William Richardson, Plaintiff-appellant, v. Louis W. Sullivan, M.d., Secretary of Health and Humanservices, Defendant-appellee, 949 F.2d 399 (9th Cir. 1991)Annotate this Case
Argued and Submitted Nov. 7, 1991. Decided Dec. 3, 1991
Before EUGENE A. WRIGHT, HUG and LEAVY, Circuit Judges.
Richardson appeals the district court's judgment affirming the Secretary's denial of his disability benefits application. He argues that: (1) substantial evidence did not support the Secretary's final decision; (2) the Administrative Law Judge erred in his determination that Richardson could perform light work; and (3) he was denied a full and adequate hearing. We affirm.
Richardson worked as a supermarket bakery manager until 1985, when he suffered a back injury. His first application for disability insurance benefits was denied. He applied again in 1987. This application also was denied initially and upon reconsideration. Following the disability hearing, an ALJ determined that Richardson was not disabled and retained the ability to perform light work. The Appeals Council adopted this determination, and it became the Secretary's final decision. Richardson requested judicial review of the Secretary's determination. The district court entered summary judgment for the Secretary.
Richardson contends that the Secretary erred in finding that his back injury is not disabling under Section 1.05C of the listing impairments.
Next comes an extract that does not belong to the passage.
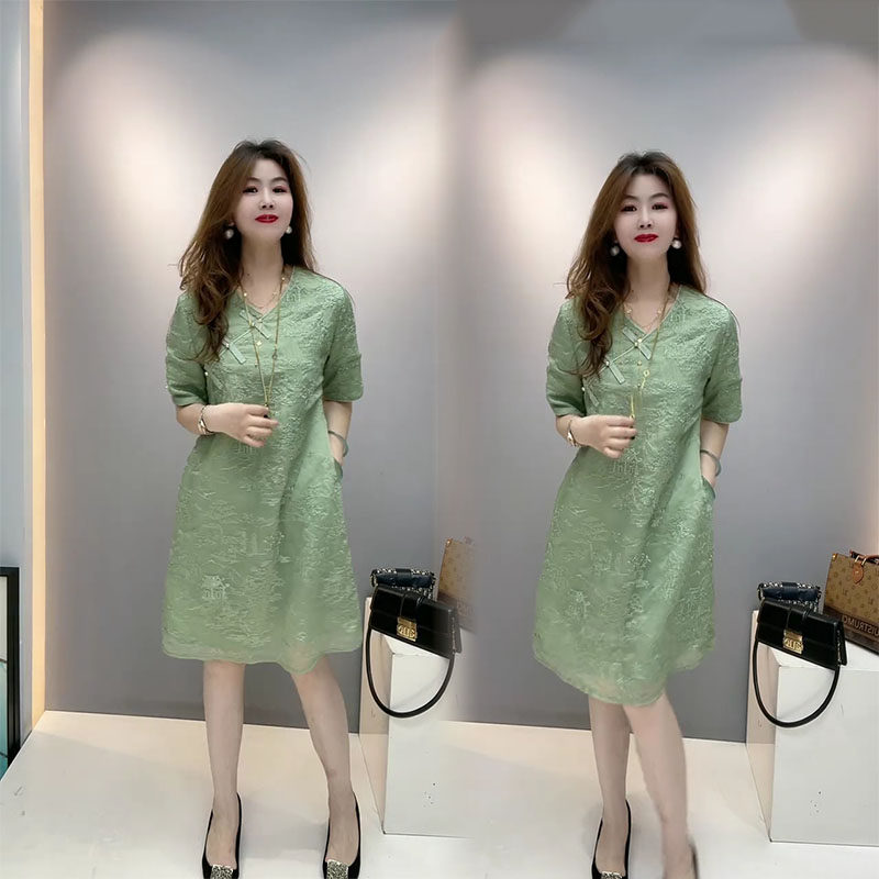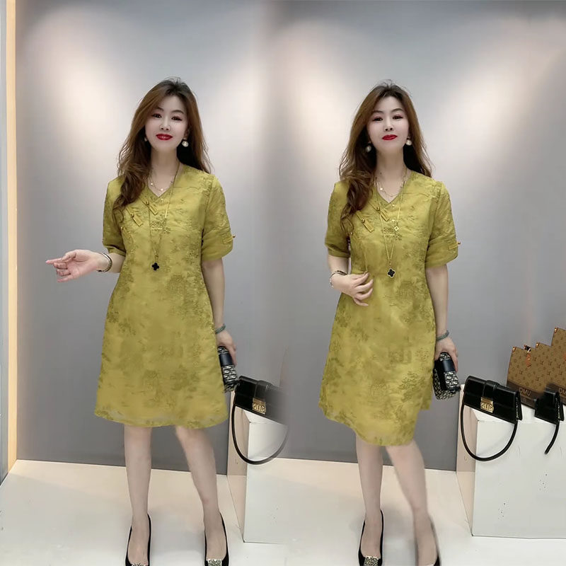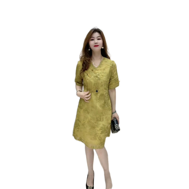 📚 新中式国风斜襟盘扣连衣裙女2026夏季新款高级重工提花气质短袖裙

See Marcia v. Sullivan, 900 F.2d 172, 174 (9th Cir. 1990).
The Secretary considered the entire record in determining that the combined effect of Richardson's back problems and arthritis did not meet the requisite criteria for a disability. The medical evidence presented at the hearing indicated that although Richardson exhibits some signs of muscle spasm and limited movement, he does not suffer from muscle atrophy and sensory reflex loss. Based on the criteria in the listing of impairments, Richardson cannot establish a disability resulting from his back problem.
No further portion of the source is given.